Ranking Member Johnson's Letter to the Joint Committee on Deficit Reduction
The Honorable Jeb Hensarling
Co-Chairman
Joint Committee on Deficit Reduction
129 Cannon HOB
Washington, D.C. 20515
The Honorable Patty Murray
Co-Chairman
Joint Committee on Deficit Reduction
448 Russell Senate Office Building
Washington, D.C. 20510
Dear Chairman Hensarling and Chairman Murray,
The Budget Control Act of 2011 [Public Law 112-25] included a provision stating that Committees could provide recommendations to the Joint Select Committee on Deficit Reduction. The Chairman of the House Science, Space, and Technology Committee has informed me that he does not plan to have our Committee submit any recommendations. However, I believe that it is important that Members of the Joint Select Committee have an appreciation of the important role that federal investments in research and development (R&D) play in stimulating growth, creating new industries and jobs—including for America’s many small businesses, and delivering long-term benefits to our citizens. As Ranking Member of the Science, Space and Technology Committee, I strongly support continued federal investment in science and technology as an important component of any serious effort to achieve long-term deficit reduction.
Despite the United States’ decisive victory in World War II and the initial realignment of world powers, it was not a given that the United States’ rise to super power status would endure. The urgent needs of wartime galvanized our nation and our industries and rescued our economy from the Great Depression. But our rise to the status of unchallenged world leader in innovation had just begun. In the Cold War years following WWII, we faced an arms race with the Soviets and our government continued to make significant investments in defense R&D. Those investments strengthened not just our military, but also our economy. In particular, DARPA, which was created in 1958, is responsible for early development of some of today’s most economically important technologies, including the internet. The space race of the 1950’s also led to the 1958 passage of both the National Defense Education Act and National Aeronautics and Space Act, two critically important milestones in our post-war innovation agenda. NASA carries out important R&D across a number of fields, and the nation’s space and aeronautics program is important not just for bringing the heavens into view, providing a very visible demonstration of American technological preeminence to peoples around the world, and inspiring generations of young Americans to pursue careers in science, technology, engineering, and mathematics (STEM), but also for many important technologies that it has developed or accelerated including such things as communication satellites, weather satellites, cordless tools, composite structures, and digital fly-by-wire technology.
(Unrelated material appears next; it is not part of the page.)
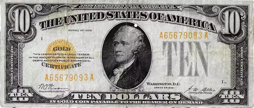 As a result, that $10 bill above will now buy $10 of goods (ignoring its collectability), but the $10 gold piece contains .4838 troy ounces of gold, which today is worth $2035 (mid October 2025). These used to be equal in value. Since the beginning of the 20th Century gold has retained its purchasing power, while the value of paper currency has been wrecked.

That said, our government leaders also had the foresight to look beyond the arms and space races as they constructed the federal R&D enterprise. In response to the lack of capacity within industry to support long-term, fundamental research across all fields of science and engineering, Congress established the National Science Foundation (NSF) in 1950. NSF profoundly changed the academic research model from one in which industry was the primary supporter of university research—which limited the scope, duration, and impact of research projects—to one in which the federal government was the primary supporter, enabling our best and brightest minds to pursue long-term research with yet unknown applications. Just a few of the most economically important inventions that arose from NSF supported research are the bar code, fiber optics, nanotechnology, and (expanding on the work of DARPA) the internet as we know it today.
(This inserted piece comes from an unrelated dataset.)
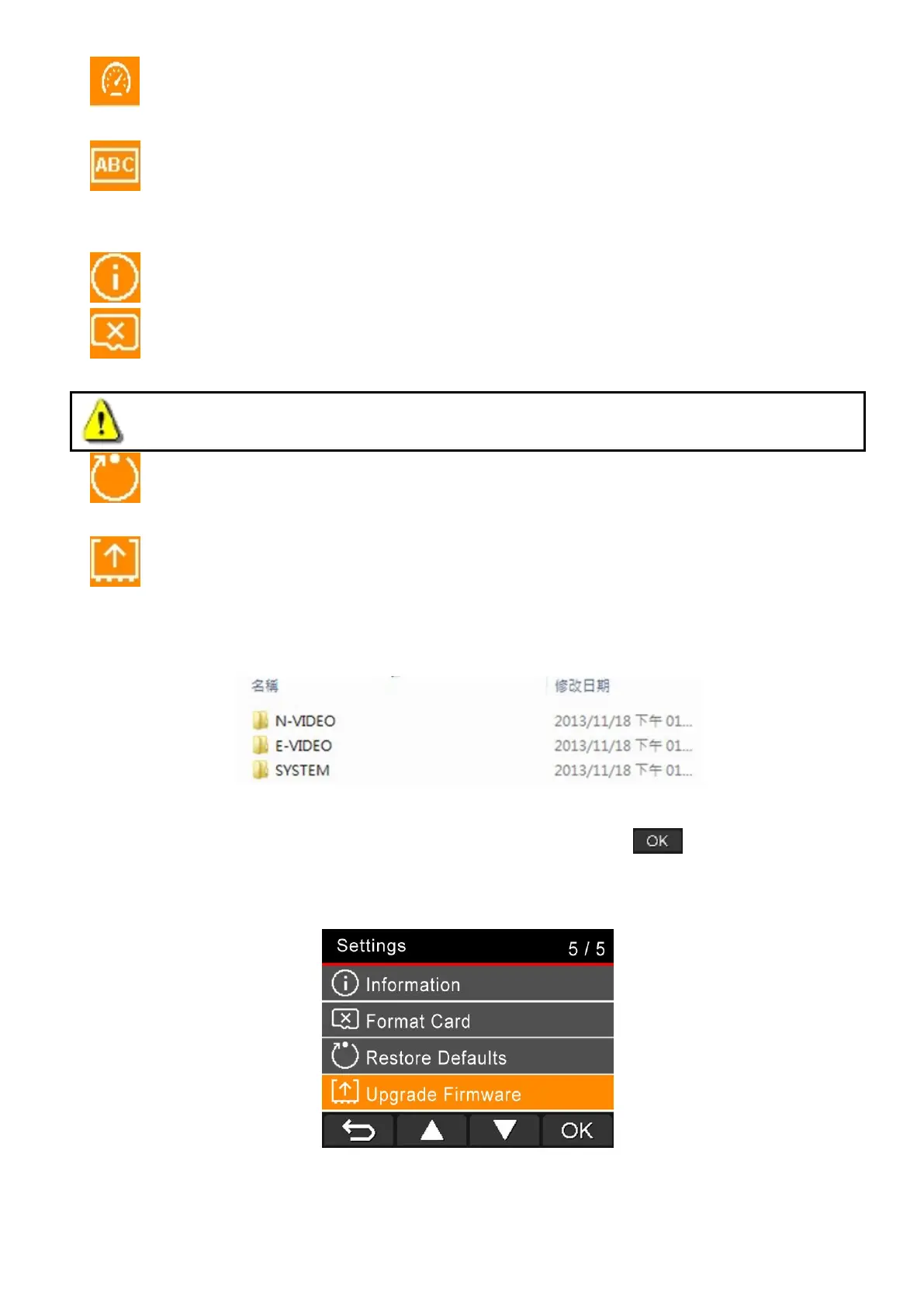 3. Select Upgrade Firmware from the Settings menu, and press to start the firmware

In response to the energy crisis of the 1970’s, the U.S. reinvented and expanded its approach to energy R&D, establishing the Department of Energy (DOE) and initiating four decades of investment that has led to the development of entirely new, cleaner and more sustainable energy technologies while improving on the efficiency and safety of older technologies. Since its establishment, DOE and its partners have steadily advanced a range of clean energy technologies with only a fraction of the funding conventional energy resources have received. However, the unique demands of the energy marketplace with its deeply-entrenched incumbent technologies, technological barriers requiring breakthroughs in fundamental sciences, and very high capital costs, required us to reevaluate our government models for spurring innovations in energy. It became clear to many that in addition to increased support for the existing DOE basic and applied research programs, we also needed new, faster and more agile tools to match the demands of the rapidly shifting energy technology landscape. In 2007, Congress created the Advanced Research Projects Agency- Energy (ARPA-E) to accelerate research and development on high-risk, high-payoff energy technologies, and to do so in a way that is fundamentally different from the rest of DOE. With a streamlined, non-bureaucratic organization staffed by some of the best and brightest from academia and industry serving for limited terms, ARPA-E quickly set a new bar for efficiency and effectiveness in government research programs. Furthermore, ARPA-E shutters projects and recovers funding when technical targets are not met. Their portfolio of projects is already on-track to leverage more private sector follow-on funding than the original taxpayer investment. And, as recommended by both the President’s Council of Advisors on Science and Technology and the eminent industry-led American Energy Innovation Council, the management principles and practices of ARPA-E are being exported to other offices within DOE. ARPA-E is just one example of how DOE is being reinvented to work with academia and industry partners to drive American innovation and competitiveness in the global energy marketplace.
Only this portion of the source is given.